The following data were extracted by two investigators (XZ Wen and QM Jin) independently in standardized forms: first author, the published year, country, sample size, number and percentage of males, mean age at diagnosis, number and percentage of CLNM patients, type of surgery, tumor size, multifocality, extrathyroidal extension, and bilateral and capsule involvement. Disagreements were resolved through consultation with the third investigator (XX Cen).
Each study’s risk of bias was assessed based on the Newcastle-Ottawa scale (NOS), which consists of three columns: selection, comparability, and exposure. A score of more than 6 stars was considered to be of high quality. Two investigators (XZ Wen and QM Jin) performed quality assessment independently, and the disagreements were resolved by discussing it with the third investigator (XX Cen).

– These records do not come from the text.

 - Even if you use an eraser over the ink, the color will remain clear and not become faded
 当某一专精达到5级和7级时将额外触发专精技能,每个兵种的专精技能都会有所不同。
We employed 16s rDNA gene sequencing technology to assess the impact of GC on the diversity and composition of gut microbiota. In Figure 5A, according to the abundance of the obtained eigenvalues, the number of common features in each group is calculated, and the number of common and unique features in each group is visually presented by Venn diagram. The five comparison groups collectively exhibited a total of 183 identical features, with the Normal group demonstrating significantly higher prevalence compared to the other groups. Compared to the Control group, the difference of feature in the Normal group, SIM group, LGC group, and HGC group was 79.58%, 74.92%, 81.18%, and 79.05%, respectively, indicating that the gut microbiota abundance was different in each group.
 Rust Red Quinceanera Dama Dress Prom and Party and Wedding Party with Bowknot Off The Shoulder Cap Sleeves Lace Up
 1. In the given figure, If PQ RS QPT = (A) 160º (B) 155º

The pooled ORs and 95% CIs of the significant risk factors for CLNM were calculated. The fixed-effect model or the random-effect model was chosen according to the heterogeneity. Cochran’s chi-squared and Higgins’ I2 statistic were applied to evaluate the heterogeneity, with considerable heterogeneity defined as P < 0.10 or I2 > 50%. When moderate or severe heterogeneity existed, the sensitivity analysis used metainf meta-based influence analysis tool, and meta-regression was performed to explore the sources of considerable heterogeneity. The risk of publication bias was analyzed using Egger’s test and funnel plot. When the publication bias was presented, the trim and filling analysis was performed to calibrate the bias. All statistical analyses were processed using ReVman software 5.3 (Cochrane Collaboration, Oxford, UK) and Stata software 16.0 (Stata Corporation, College Station, TX, USA). All images were created with Adobe Photoshop CS6 13.0 (Adobe Corporation, San Jose, USA) for Windows.

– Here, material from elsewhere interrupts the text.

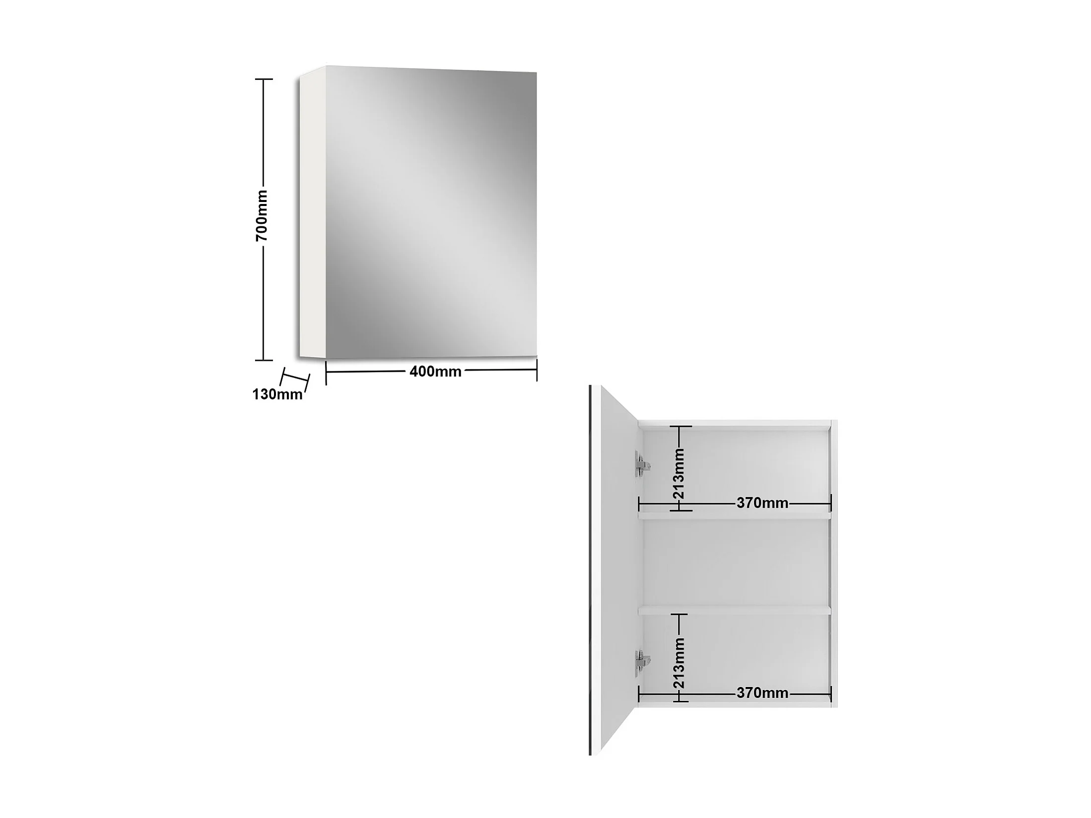 Armario con espejo para baño Armario principal 70 x 40 x 13 cm,Armario auxiliar 70 x 20 x 13 cm Con 3 estantes,acabado espejo de alta definición

Description of literature search
As shown in Fig. 1, we identified a total of 242 studies through the database searching, then 38 duplicate studies, and a further 147 studies were excluded after titles and abstracts assessment. Next, a further 44 studies were also excluded by screening the full text of the remaining 57 articles. Finally, 13 case-control studies incorporating 6068 patients were included in this meta-analysis.
Characteristics of the included studies
The characteristics of included studies are shown in Table 1, which lists author, published year, country, sample size, mean age, male, surgery type, CLNM, and significant risk factors. There were eight, five, ten, six, six, two, two, two, and one studies that investigated the sex, age, tumor size, tumor location, multifocality, extrathyroidal extension, bilateral, capsule involvement, tumor location, and Hashimoto’s thyroiditis (HT), respectively. The risk factors investigated in at least 3 studies were included in this meta-analysis. However, age was excluded due to the inconsistent definition.

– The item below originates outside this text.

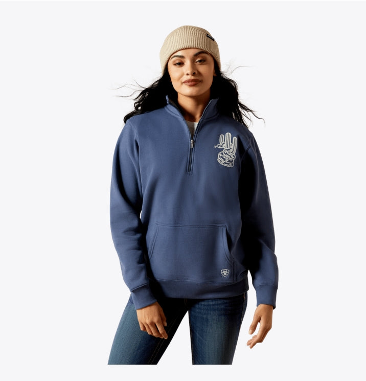 WOMENS QUARRY HALF ZIP SWEATSHIRT IN VINTAGE INDIGO

Assessment of study quality
According to the NOS scale, the risks of bias of the included studies were evaluated. Among the included studies, 8 studies scored 7 stars and the other 5 studies scored 8 stars. All included studies had more than 6 stars, which were considered of high quality. The specific scores are shown in Table 2.
The effect of sex on CLNM in CN0 PTMC
There were 8 studies that revealed sex was an independent risk of CLNM in CN0 PTMC. Due to the moderate heterogeneity (P = 0.096 < 0.1; I2 = 42.3% < 50%), a random-effects model was applied to the pooled analysis. As shown in Fig. 2A, the male was increasing 2.43-folds CLNM risk to female in CN0 PTMC patients (OR, 2.43; 95% CI, 2.43–3.22.; P < 0.001).
The effect of multifocality on CLNM in CN0 PTMC
Multifocality was investigated as a significant risk of CLNM in CN0 PTMC in 6 studies. Due to the low heterogeneity (P = 0.88 > 0.1; I2 = 0% < 50%), a fixed-effects model was applied in the pooled analysis. As shown in Fig. 2B, the risk of CLNM in CN0 PTMC was significantly higher in patients with multifocality (OR, 1.88; 95% CI, 1.54–2.29; P < 0.001).
The effect of tumor size on CLNM in CN0 PTMC
Tumor size was identified as a significant independent risk factor for CLNM in CN0 PTMC in 10 studies. However, only 5 studies that investigated tumor size > 5 mm as an independent risk factor were included in the final pooled analysis owing to the consistent definition. Due to the low heterogeneity (P = 0.40 > 0.1; I2 = 1.5% < 50%), a fixed-effects model was applied. As shown in Fig. 2C, the risk of CLNM in CN0 PTMC was significantly higher in patients, whose tumor size was > 5 mm (OR, 1.84; 95% CI, 1.55–2.18, P < 0.001).
The effect of ETE on CLNM in CN0 PTMC
ETE was identified as a significant independent risk factor for CLNM in CN0 PTMC in 6 studies. Unfortunately, one study was excluded due to the definition of gross ETE, which was defined as macroscopic tumor extension outside the thyroid gland based on physical examination. A random-effects model was applied in the final pooled analysis due to the considerable moderate heterogeneity (P = 0.07 < 0.1; I2 = 54.7% > 50%). As shown in Fig. 2D, ETE significantly increased the risk of CLNM in CN0 PTMC patients by 2.38-folds (OR, 2.38; 95% CI, 1.65–3.44; P < 0.001).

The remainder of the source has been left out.